In the present problem, you have exactly two simple events:

  • $E_1 ~: ~$ It rains today.
  • $E_2 ~: ~$ It rains tomorrow.

The probability of either Event $E_1$ occurring or Event $E_2$ occurring is irrelevant to solving the problem. Further, consideration of the sample space is (arguably) irrelevant to solving the problem.

Let $F$ denote the event that it does not rain today or tomorrow.

In effect, you are given that $p(F) = 0.3,$ and then asked to compute (in effect) $1 - p(F).$

The whole point of the problem is that the nature of the problem's $3$rd premise, coupled with what you are being asked to compute, renders premises 1 and 2 irrelevant.


However, in answer to your question, as the existing comments have already indicated, anytime that you are given exactly $n$ ($\color{red}{\text{simple, rather than compound}}$) events to consider (i.e. events $E_1, E_2, \cdots, E_n$), your sample space always has exactly $2^n$ elements.
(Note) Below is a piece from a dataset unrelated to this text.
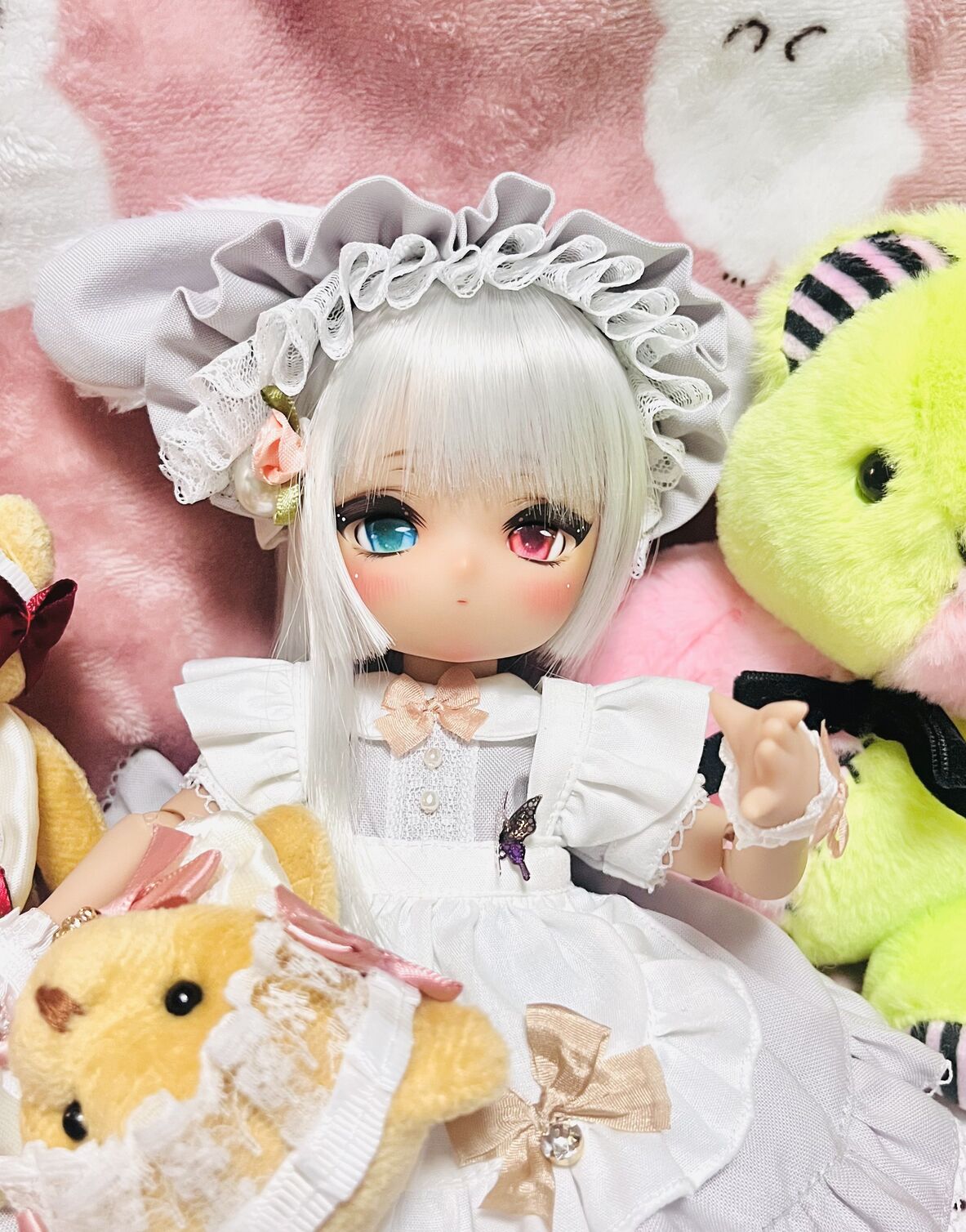 Popular artist NayeONE has created a limited edition of small anime eyes to fit the eye holes of Guru, which is relatively small for an anime doll at 7-8 inches. A little fairy-like maid has been born with rabbit-like red eyes and a special green odd-eye configuration.

That is, each of events $E_k$ either occurs or it doesn't.

The third event discussed in the problem, that of events $E_1$ and $E_2$ both failing to occur is a compound event. That is, it is a combination of the two simple events.

Therefore, when forming the sample space, you should ignore the compound event, and enumerate your sample space as having $2^2$ elements, based on the simple events $E_1, E_2$.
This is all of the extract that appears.